### Problem
Below is a listing with pictures in it; transcribe exactly the lines from the one that has "Văn bản Thánh" through the one that has "Hecho con chaquirón, piedras", and omit those pictures.

### Recorded information
···
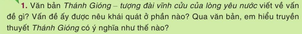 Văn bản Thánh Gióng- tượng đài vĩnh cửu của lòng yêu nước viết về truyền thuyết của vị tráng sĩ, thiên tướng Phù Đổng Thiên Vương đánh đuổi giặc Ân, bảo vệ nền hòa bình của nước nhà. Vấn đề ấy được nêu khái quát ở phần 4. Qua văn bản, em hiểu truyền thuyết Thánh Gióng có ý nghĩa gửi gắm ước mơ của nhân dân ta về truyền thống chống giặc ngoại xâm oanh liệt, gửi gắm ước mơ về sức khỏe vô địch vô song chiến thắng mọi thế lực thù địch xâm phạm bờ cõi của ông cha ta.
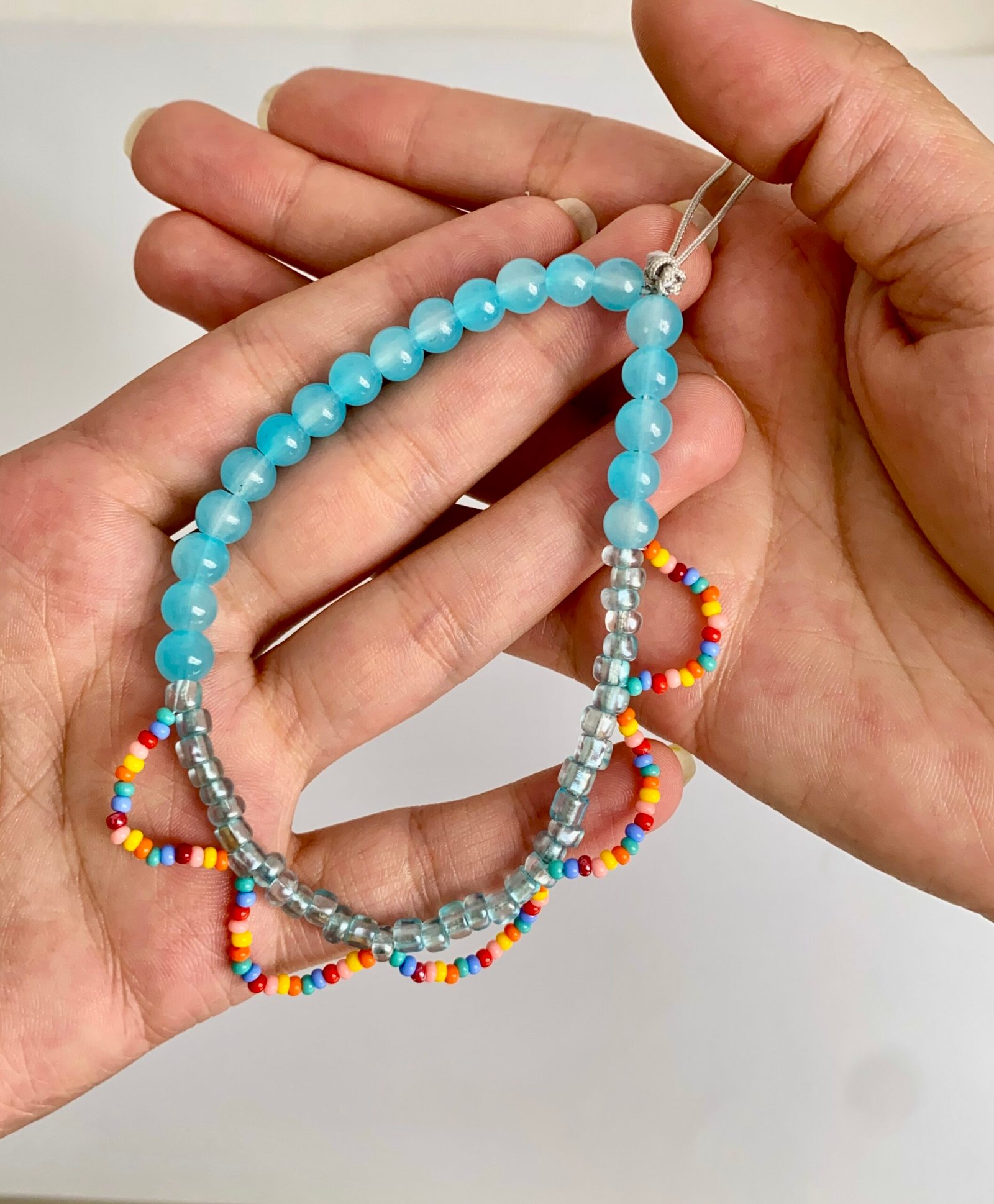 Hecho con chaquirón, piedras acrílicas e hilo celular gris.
···
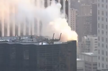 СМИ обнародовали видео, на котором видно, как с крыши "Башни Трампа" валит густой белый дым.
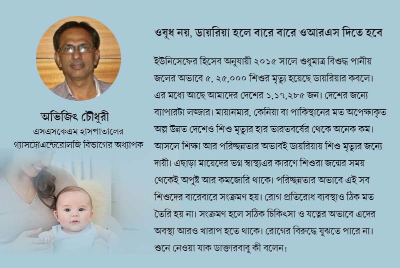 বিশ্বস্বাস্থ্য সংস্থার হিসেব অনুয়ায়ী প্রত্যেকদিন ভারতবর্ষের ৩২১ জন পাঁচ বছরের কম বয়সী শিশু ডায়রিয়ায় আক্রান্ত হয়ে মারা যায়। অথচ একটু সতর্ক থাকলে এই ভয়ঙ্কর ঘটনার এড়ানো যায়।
···
### Result of this task
 Văn bản Thánh Gióng- tượng đài vĩnh cửu của lòng yêu nước viết về truyền thuyết của vị tráng sĩ, thiên tướng Phù Đổng Thiên Vương đánh đuổi giặc Ân, bảo vệ nền hòa bình của nước nhà. Vấn đề ấy được nêu khái quát ở phần 4. Qua văn bản, em hiểu truyền thuyết Thánh Gióng có ý nghĩa gửi gắm ước mơ của nhân dân ta về truyền thống chống giặc ngoại xâm oanh liệt, gửi gắm ước mơ về sức khỏe vô địch vô song chiến thắng mọi thế lực thù địch xâm phạm bờ cõi của ông cha ta.
 Hecho con chaquirón, piedras acrílicas e hilo celular gris.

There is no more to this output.